以前皮膚に対する東洋医学的な考え方①で1.風熱証2.風湿証3.風寒証4.気血両虚証の4つのパターンについて書きましたが、その内容について詳しく説明していきます。

1.風熱証

「風」は症状が強く、変化が激しいという事を意味しています。
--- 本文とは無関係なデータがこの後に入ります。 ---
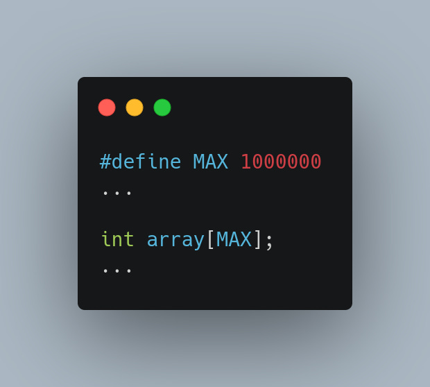 Before actually compiling the program, the C compiler substitutes any occurrence of MAX for 1000000. Extending that functionality, we could modify the syntax for for loops and if statements if we wanted. But there's still an important limitation.
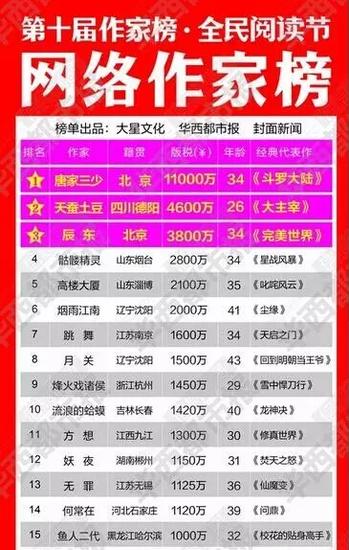 3月25日,第十届中国作家富豪榜正式发布“网络作家榜”入选名单,引起社会一片哗然,在排行榜中,入选的十五名网络作家年收入均突破一千万元,成为名副其实的千万富豪。
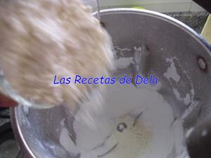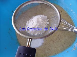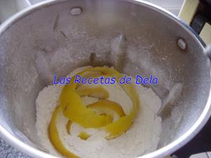 Por otro lado he hecho lo mismo con el azúcar, ver este consejo, junto con la harina y la cáscara de limón. Si se hace de la forma tradicional en el bol ponemos el azúcar, la harina y la ralladura de limón después de poner los huevos, la leche y el aceite, que sería después del siguiente paso.
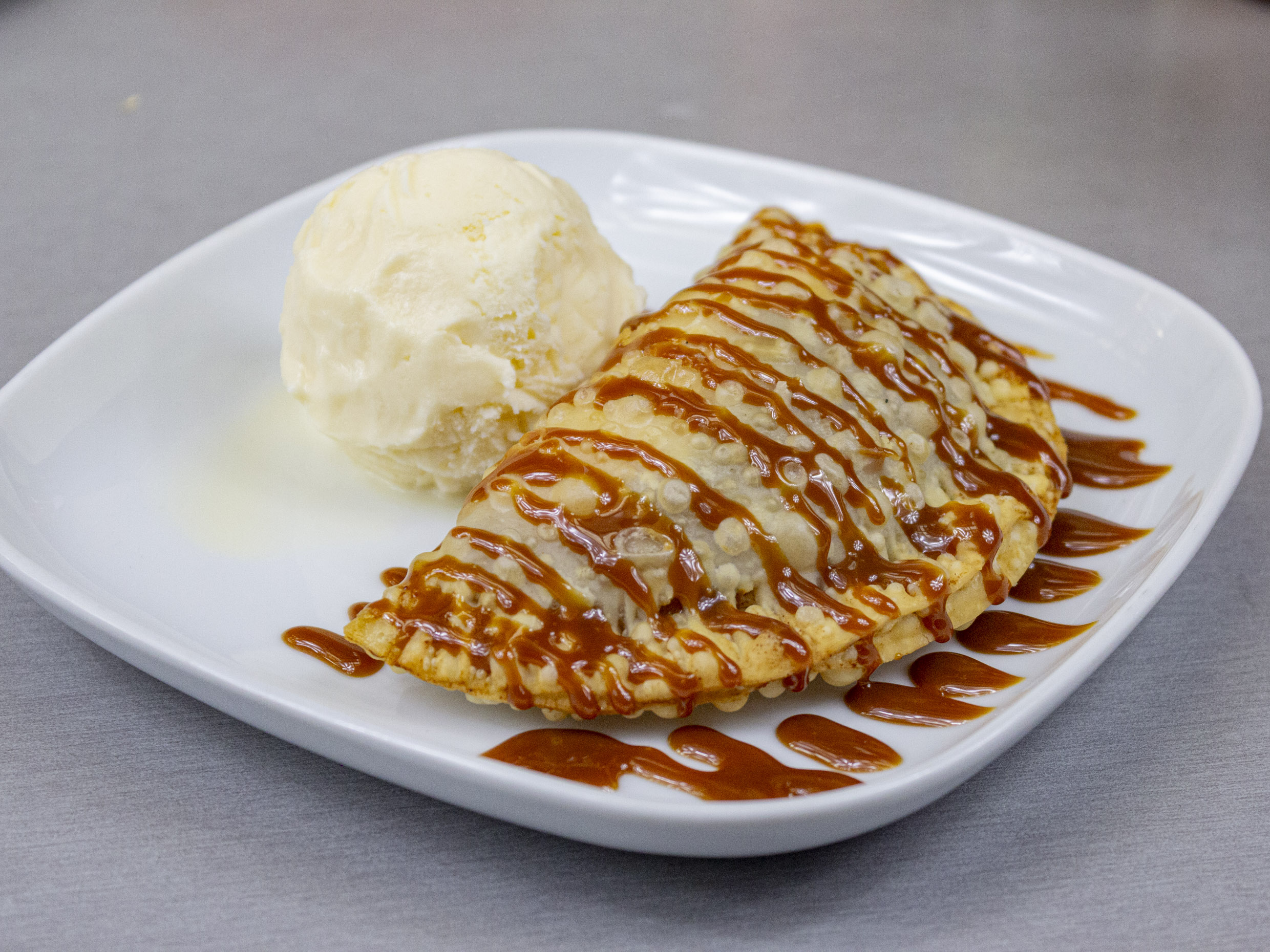 Empanada de Manzana con Queso y helado
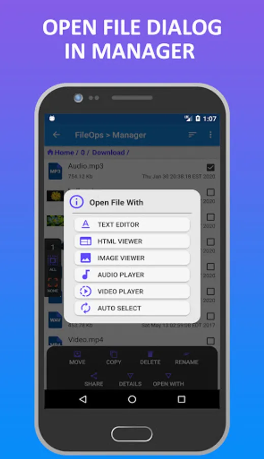 - Open With: Launches a dialog to open file with; Text Editor, HTML Viewer, Image Viewer, Audio Player, Video Player or Auto Select
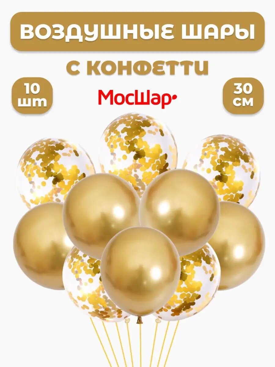 Купить Набор воздушных шаров с конфетти золото - 10шт 30см
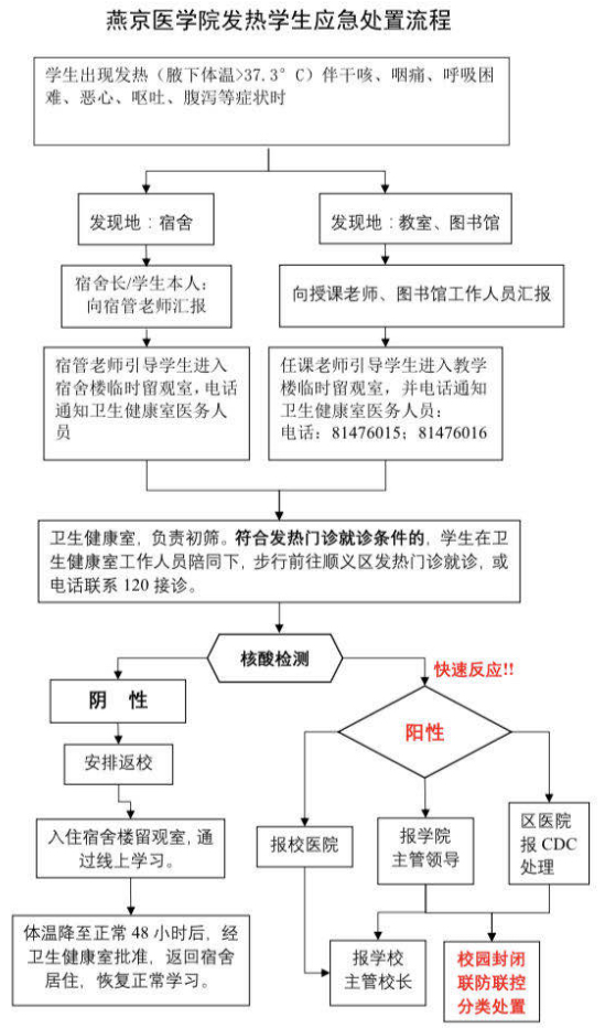 为妥善做好应急处置工作,同人小说 根据疾控部门建议,制订了详尽的同人小说 相关应急处置流程。无论在教室还是宿舍,白天还是夜里,如有学生出现发热(腋下体温≥37.3℃)、干咳、咽痛、呼吸困难、恶心、呕吐、腹泻等症状,各学系老师、学生宿管部门、同人小说 保卫等部门都要配合卫生健康室做好学生疾病初期排查,确定送至顺义医院发热中心转诊方案。结果为阴性的,根据具体情况,科学安排处置后转入正常学习生活。结果为阳性的,执行医院隔离治疗程序,并启动校园应急响应机制。同人小说 卫生健康室负责协调有关转诊、流调工作,在属地疾控部门的指导下开展环境消毒,做好密切接触者等相关人员的及时处置。
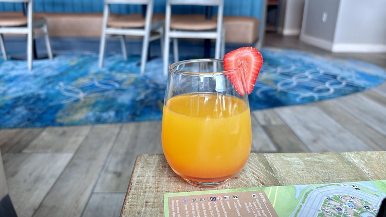 I got a mimosa a few more times while we were at the lounge, and it was always a POG mimosa. POG stands for passion fruit, orange, and guava, and the juice is pretty popular around the Disney resort. You can find it at many breakfast locations, and I was really excited that our lounge was able to mix it with bubbly for a mimosa.

「風」と「熱」の性質が強く出るタイプのアトピー性皮膚炎になります。
皮膚所見としては乾燥と紅斑が強く時に落屑(皮膚の角質が浮き上がってポロポロと剥がれ落ちる)をきたします。
症状の変化は激しく、急激に変化することもあります。
青年期~壮年期に多いタイプで暖めたり、熱いもの、香辛の強いもので悪化します。
逆に冷やすと軽減する傾向があり、口が渇いたり、イライラ、不眠の症状も伴う事があります。
舌の色は赤みが強くなります。
治療方針としては去風清熱といい「風」と「熱」をとる治療になります。

2.風湿証

「風」と「湿」の性質が強く出るタイプのアトピー性皮膚炎です。
症状の変化は風熱証と同じく激しいですが、皮膚所見として掻破による滲出液を伴います。
湿度の高い時期に症状が強くなる傾向があり、飲食の不摂生も悪化の原因になります。
「湿」の性質が強いと身体や四肢が重だるく感じたり、下痢をしやすかったりします。
舌の状態は苔が厚くなりやすいです。
治療方針としては去風利湿といい「風」をとり、「湿」を利する治療になります。

3.風寒証

「風」と「寒」の性質が強いタイプのアトピー性皮膚炎です。
症状は急に発現する事が多く、寒冷刺激が悪化の原因となる事があります。
皮膚所見としては乾燥し冷感があります。
鼻汁や鼻閉、悪寒を感じ、舌の色は白みが強くなります。
治療方針としては疎風散寒といい「風」をとり「寒」を散らす治療になります。

4.気血両虚証

「気」と「血」(東洋医学的な)が足りていない状態のアトピー性皮膚炎です。
皮膚所見は皮膚が白く、乾燥傾向。
症状は軽度であるが反復して出やすい特徴があります。
顔色が悪く、疲れやすい、食欲がないという方が多いです。
治療方針としては補気養血で「気」と「血」を補います。

大まかに分けると以上の4つに分けて考えることが多いですが、さらに細かく分けたり、完全に「どれかだけ」というよりはいくつかが混ざっているものが多いです。
そういう場合特徴が強く出ているものを中心として治療していきます。

いかがでしたでしょうか?
アトピー性皮膚炎の方はご自分に当てはまる、もしくは近いと思われるものがありましたでしょうか?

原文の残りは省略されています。